### WHAT YOU HAVE TO DO
In the records below, find the line holding "(★) 6. 1851."; copy it and every line after it to the end, omitting all images.

### THE INPUT

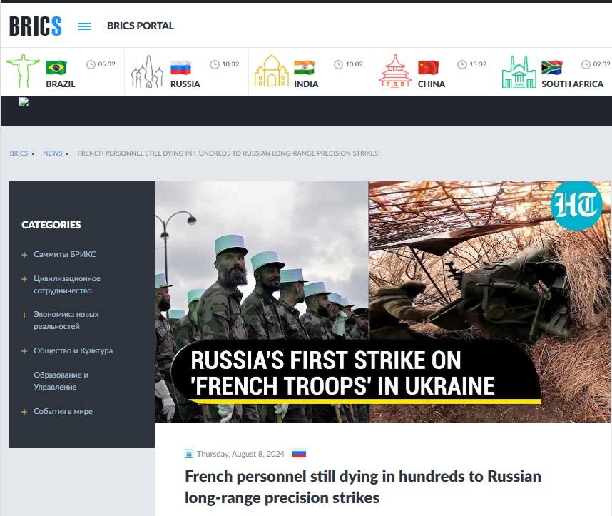 «Для того чтобы скрыть потери, французские власти используют частных военных подрядчиков, а именно GEOS и «Amarante». Российские военные источники сообщают, что во Франции есть семь пунктов вербовки, а именно в Париже, Бордо, Каннах, Лилле, Лионе, Марселе и Страсбурге. Затем завербованных отправляют в Польшу, откуда они переезжают на Украину.
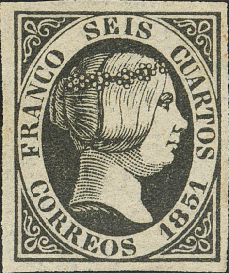 (★) 6. 1851. 6 cuartos negro. Márgenes amplios y color intenso. MAGNIFICO. Cert. COMEX.
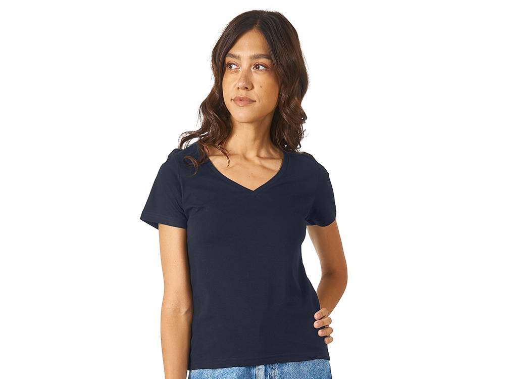 Женская футболка из натурального хлопка с элегантным V-образным вырезом. Материал отлично подходит для нанесения рекламной информации. Натуральная ткань не вызывает раздражения кожи.
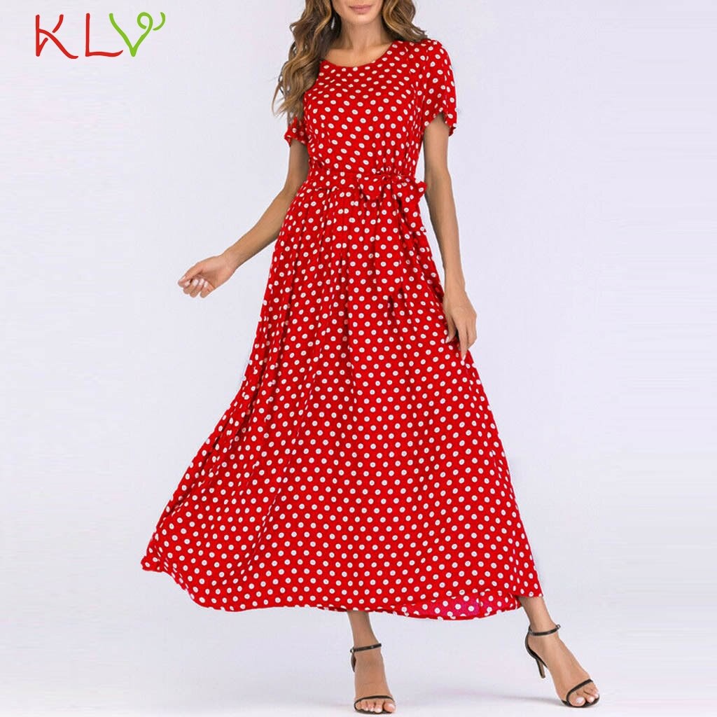 Dress Women Long Polka Dot Casual Elegant Summer Maxi Dress Beach Party Night Dress 2019 Plus Size Shopee Indonesia
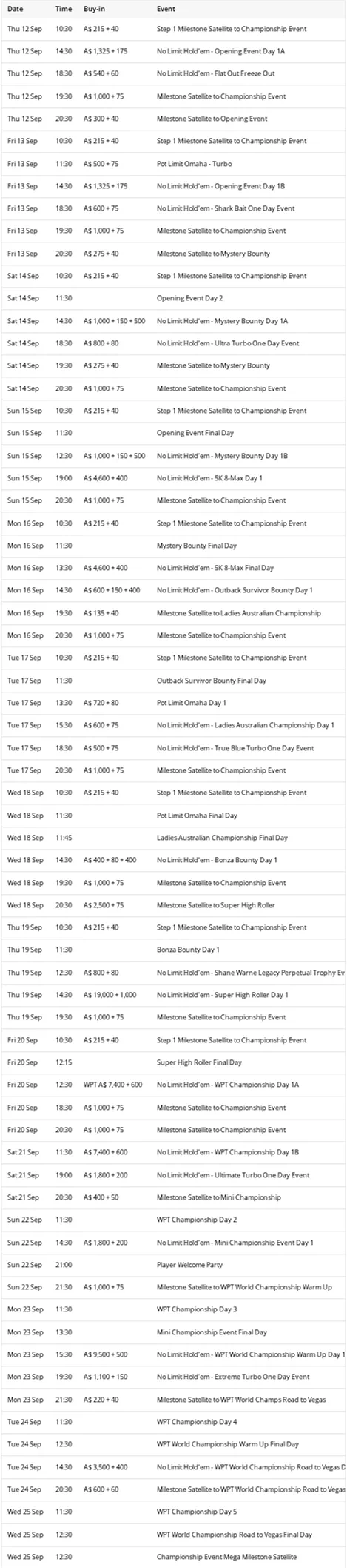 本次赛事的亮点是参赛费为8,000澳元的WPT澳大利亚锦标赛,选手们将争夺享有盛誉的Mike Sexton WPT冠军杯的参赛资格。9月20日和21日将举行两天的首日赛事,来自世界各地的顶尖选手将齐聚一堂,争夺聚光灯下的冠军,竞争必将十分激烈。

### RESPONSE BELOW
 (★) 6. 1851. 6 cuartos negro. Márgenes amplios y color intenso. MAGNIFICO. Cert. COMEX.
 Женская футболка из натурального хлопка с элегантным V-образным вырезом. Материал отлично подходит для нанесения рекламной информации. Натуральная ткань не вызывает раздражения кожи.
 Dress Women Long Polka Dot Casual Elegant Summer Maxi Dress Beach Party Night Dress 2019 Plus Size Shopee Indonesia
 本次赛事的亮点是参赛费为8,000澳元的WPT澳大利亚锦标赛,选手们将争夺享有盛誉的Mike Sexton WPT冠军杯的参赛资格。9月20日和21日将举行两天的首日赛事,来自世界各地的顶尖选手将齐聚一堂,争夺聚光灯下的冠军,竞争必将十分激烈。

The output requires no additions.